SecurID tokens from RSA Security designed as key fobs.
Token from VeriSign

A security token (or sometimes a hardware token, hard token, authentication token, USB token, cryptographic token[1], or key fob) may be a physical device that an authorized user of computer services is given to ease authentication. The term may also refer to software tokens.

Security tokens are used to prove one's identity electronically (as in the case of a customer trying to access their bank account). The token is used in addition to or in place of a password to prove that the customer is who they claim to be. The token acts like an electronic key to access something.

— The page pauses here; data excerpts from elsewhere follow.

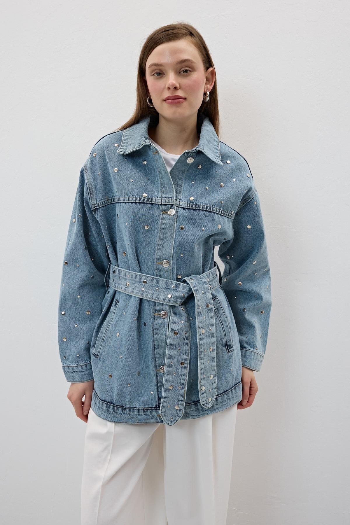 SAGİ Kadın Yakası Zımbalı Ara Boy Kuşak Kapamalı Kot Ceket SAGİ Kadın Yakası Zımbalı Ara Boy Kuşak Kapamalı Kot Ceket 741 L
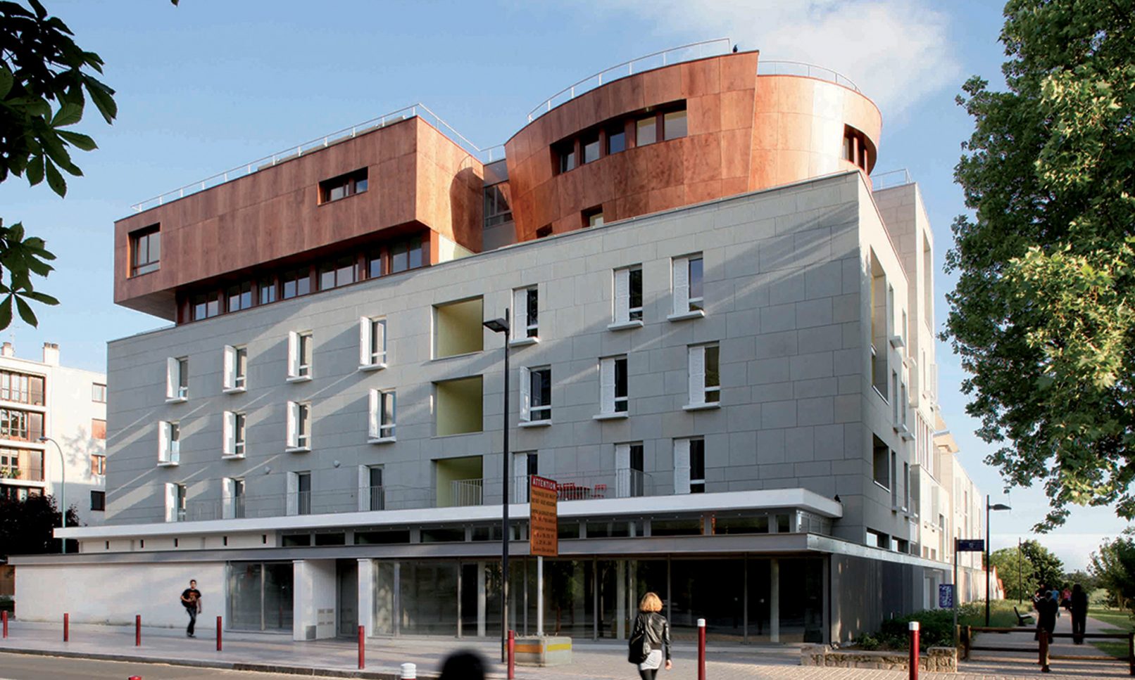 Occupant les trois côtés d’une grande parcelle à la sortie de la ville de Sceaux. au Sud de Paris, l’immeuble est un objet hybride, multiple. Il possède une façade rue Houdan menant directement au centre-ville. Il comprend différents types de construction : plot, immeuble et maison individuelle, unifiés par un long soubassement, jouant sur le plein et le creux, les ruptures et la complémentarité d’échelle. L’ensemble construit apparaît comme une œuvre contemporaine monumentale, posée sur le socle d’un immeuble voulu plus neutre, dans une commune peu habituée aux grands gestes architecturaux.
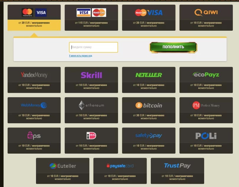 - Поддержка многих платежных методов. В европейских казино принимаются даже банковские переводы и можно расплачиваться криптовалютами. Также на порталах, которые ориентированы на жителей РФ, поддерживаются системы Альфа Клик, Сбербанк Онлайн, ВебМани, Киви и пр.

Hardware tokens are typically small enough to be carried in a pocket or purse and often are designed to attach to the user's keychain. Some may store cryptographic keys, such as a digital signature, or biometric data, such as a fingerprint minutiae. Some designs feature tamper resistant packaging, while others may include small keypads to allow entry of a PIN or a simple button to start a generating routine with some display capability to show a generated key number. Special designs include a USB connector, RFID functions or Bluetooth wireless interface to enable transfer of a generated key number sequence to a client system.


[edit] Token types and usage

There are four types of tokens:

  1. Static Password
  2. Synchronous Dynamic Password
  3. Asynchronous Password
  4. Challenge Response

This article currently focuses on Synchronous Dynamic password tokens.

The simplest security tokens do not need any connection to a computer. The client enters the number to a local keyboard as displayed on the token (second security factor), usually along with a PIN (first security factor), when asked to do so.

Other tokens connect to the computer using wireless techniques, such as Bluetooth. These tokens transfer a key sequence to the local client or to a nearby access point.

Still other tokens plug into the computer. For these one must:

  1. Connect the token to the computer using an appropriate input device
  2. Enter the PIN if necessary

Depending on type of the token the computer OS will now either

  • read the key from token and perform cryptographic operation on it or
  • ask the token's firmware to perform this operation

A related application is the hardware dongle required by some computer programs to prove ownership of the software. The dongle is placed in an input device and the software accesses the I/O device in question to authorize the use of the software in question.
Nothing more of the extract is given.